Professor Anthony Harnden, deputy chairman of the Joint Committee on Vaccination and Immunisation (JCVI), also said data should be looked at “very carefully before we completely un-lockdown”.
He told BBC Breakfast it is “better” to be on “the cautious side”, adding: “Even if we do un-lockdown, if you are in a vulnerable position, particularly if you’ve not been vaccinated, you do need to carry on being cautious, even if the June 21 date goes ahead.”
He added: “I think we’ve all got used to living within boundaries at the moment and I think it’s not an ‘all or none’, I think it will be a gradual process, even if the June 21 date goes ahead.”
But Jonathan Neame, chief executive of the Shepherd Neame brewery and pub company, told the Today programme that delaying the easing of coronavirus restrictions in England beyond June 21 could hamper the economic recovery.
“If it’s delayed for, say, seven days but there’s still a certain outcome, the restrictions will be lifted in full after that, then that will be a marginal impact,” he said.
“If, on the other hand, we’re going into a cycle of a further five weeks of data review and uncertainty and more reviews at that time, then I think that will put a real damper on the recovery which is happening quite fast at this moment in time, and will really undermine consumer and business confidence.”
Prime Minister Boris Johnson told reporters on Thursday that he “didn’t see anything currently in the data” to divert from the June reopening target before adding: “But we may need to wait.”
The Times reported that face coverings and work from home guidance may remain in place after June 21.
It said ministers are increasingly concerned that the spread of the Indian variant could undermine the easing of restrictions and are drawing up plans that could lead to a partial end of lockdown.
But the paper added that the Treasury is prioritising the removal of the “one-metre plus” and “rule of six indoors” measures in order to help the economy recover.
A review of what measures will be relaxed on June 21 was due by the end of May but has been pushed back due to the Indian variant.
The Department of Health and Social Care announced on Friday that further surge testing is being deployed in Lancashire after more cases of the Indian variant were detected.
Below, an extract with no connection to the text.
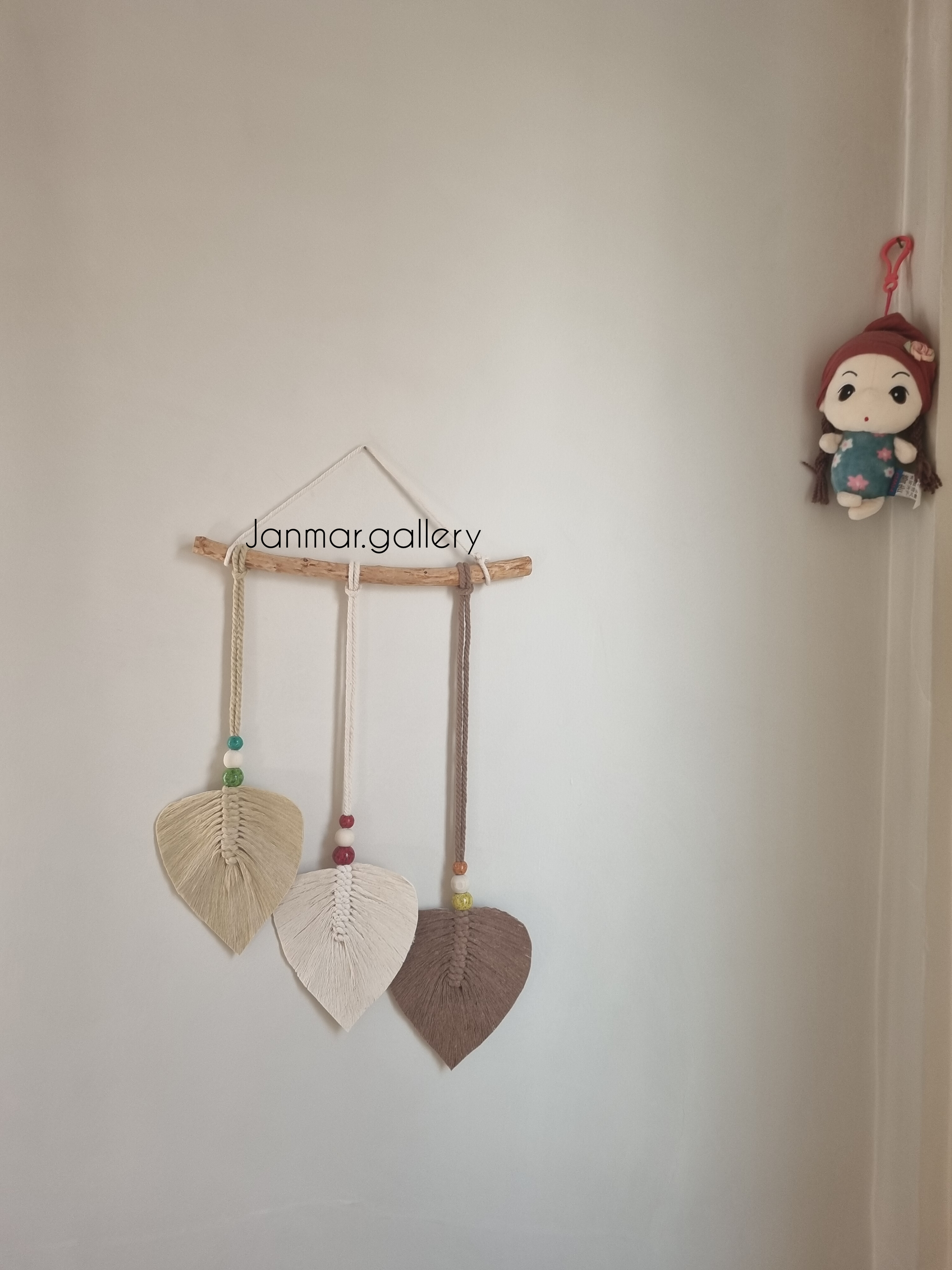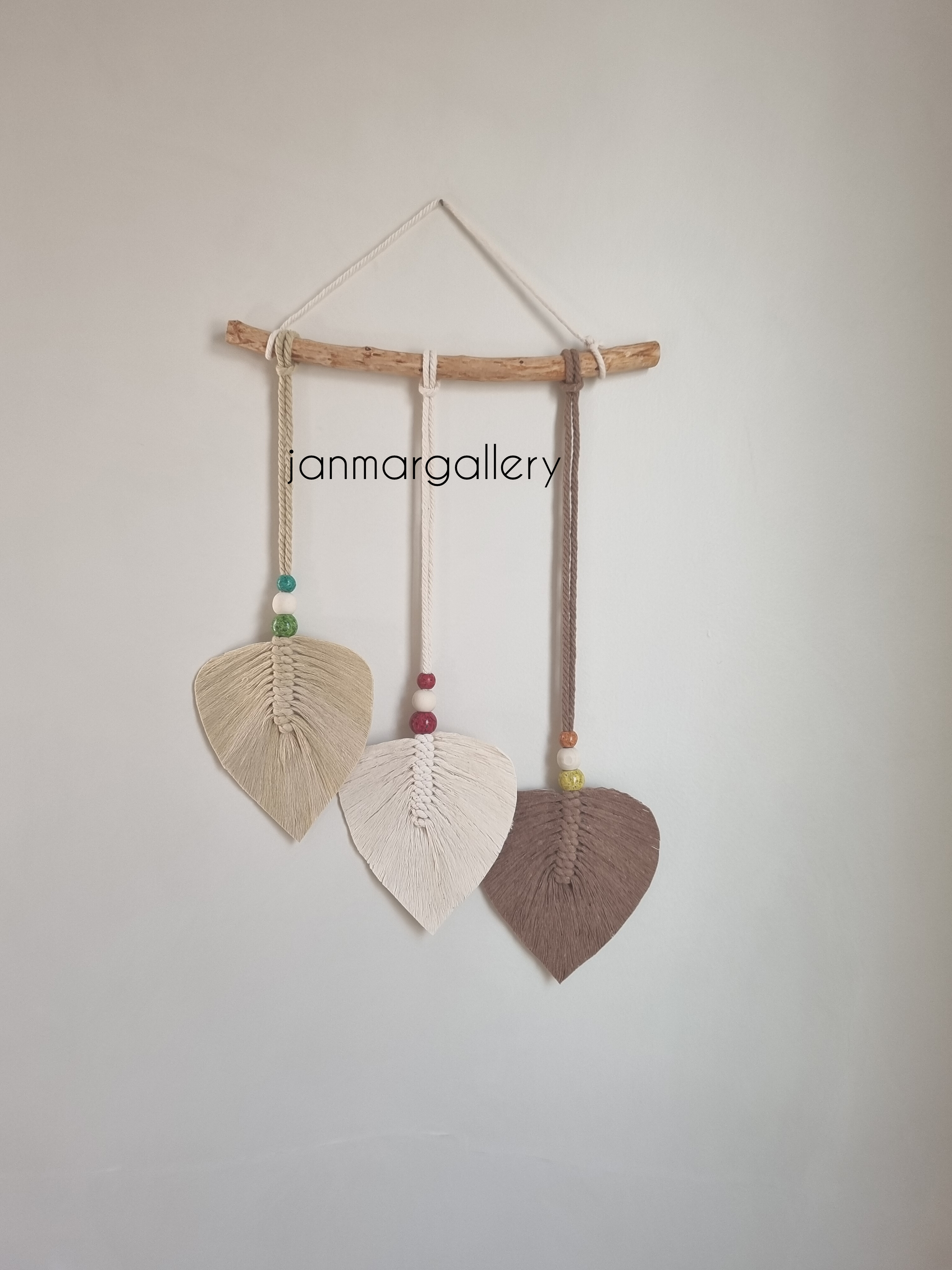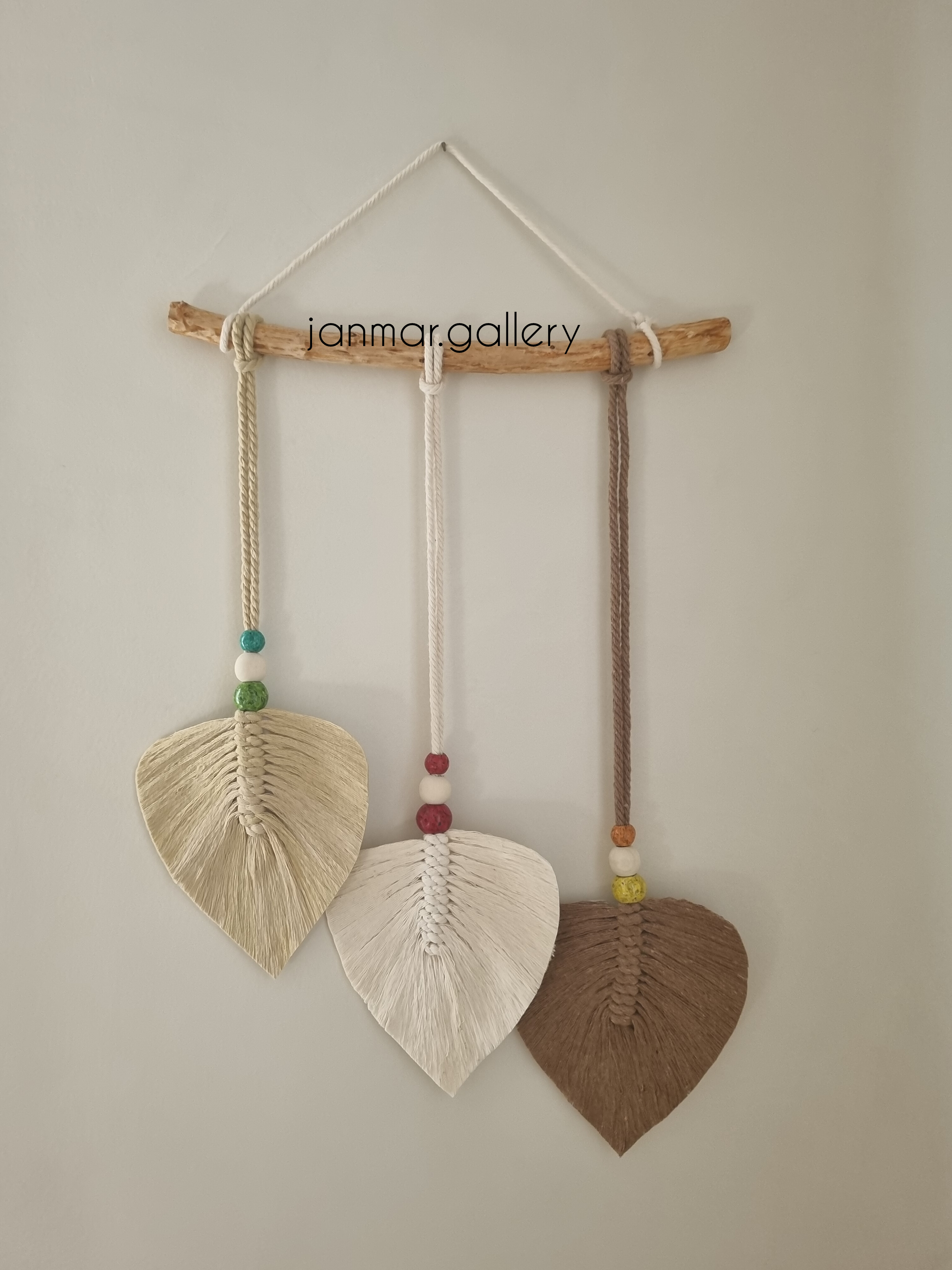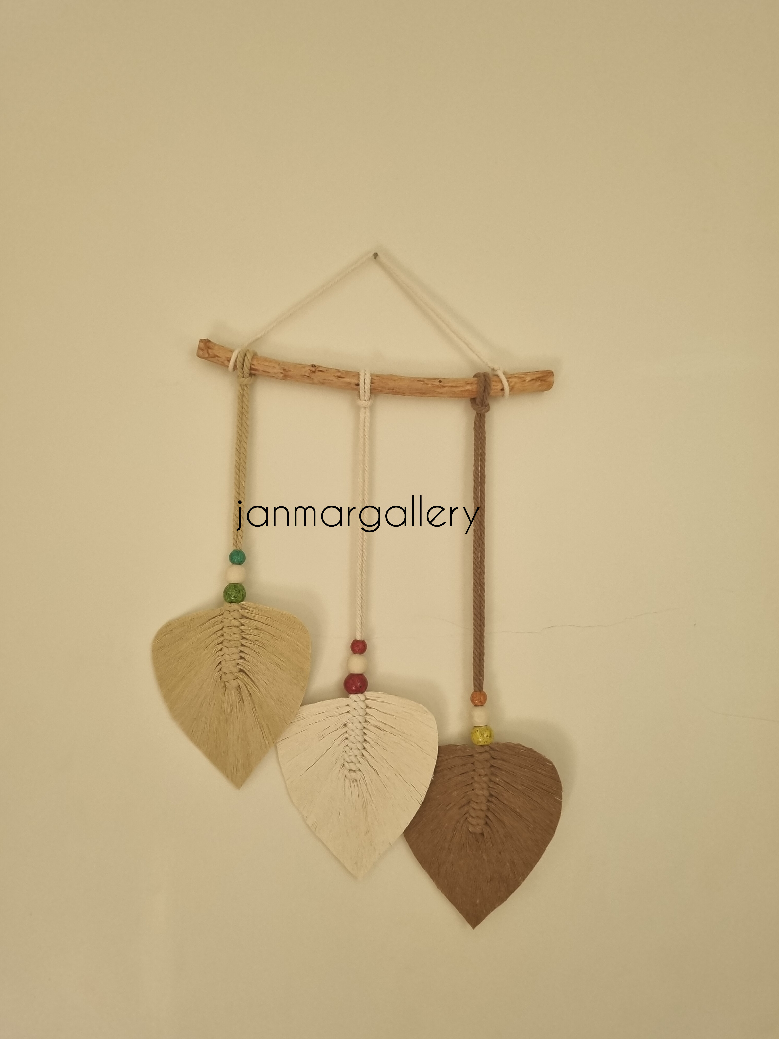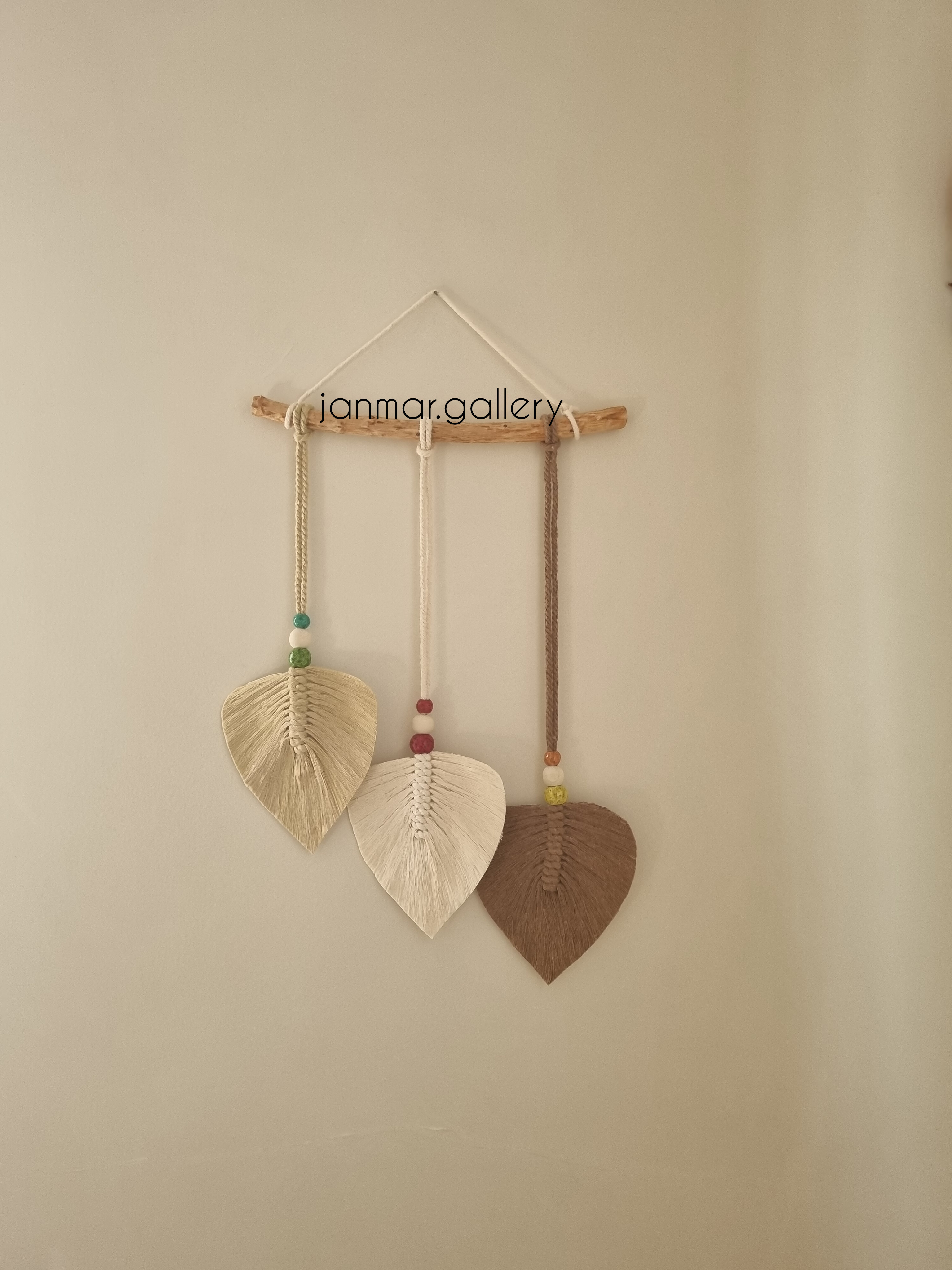 دیوارکوب ۳ برگ مکرومه با ترکیب رنگ کرم شیری و قهوه ای استفاده شده از نخ باکیفیت و جنس مقاوم

Public Health England data shows the majority of people with the variant have not been vaccinated, with just 3% of cases (177 out of 5,599) from February 1 to May 25 having received both doses.
Over the period there were 12 deaths linked to the variant, of which eight were among the unvaccinated.
The Government said that a further seven people had died within 28 days of testing positive for Covid-19 as of Saturday, bringing the UK total to 127,775.
Separate figures published by the Office for National Statistics show there have now been 153,000 deaths registered in the UK where Covid-19 was mentioned on the death certificate.
The Government also said that, as of 9am on Saturday, there had been a further 3,398 lab-confirmed cases in the UK.
Meanwhile, official data up to Friday shows that of the 63,960,762 jabs given in the UK so far, 39,068,346 were first doses – a rise of 197,146 on the previous day.
Some 24,892,416 were second doses, an increase of 414,364.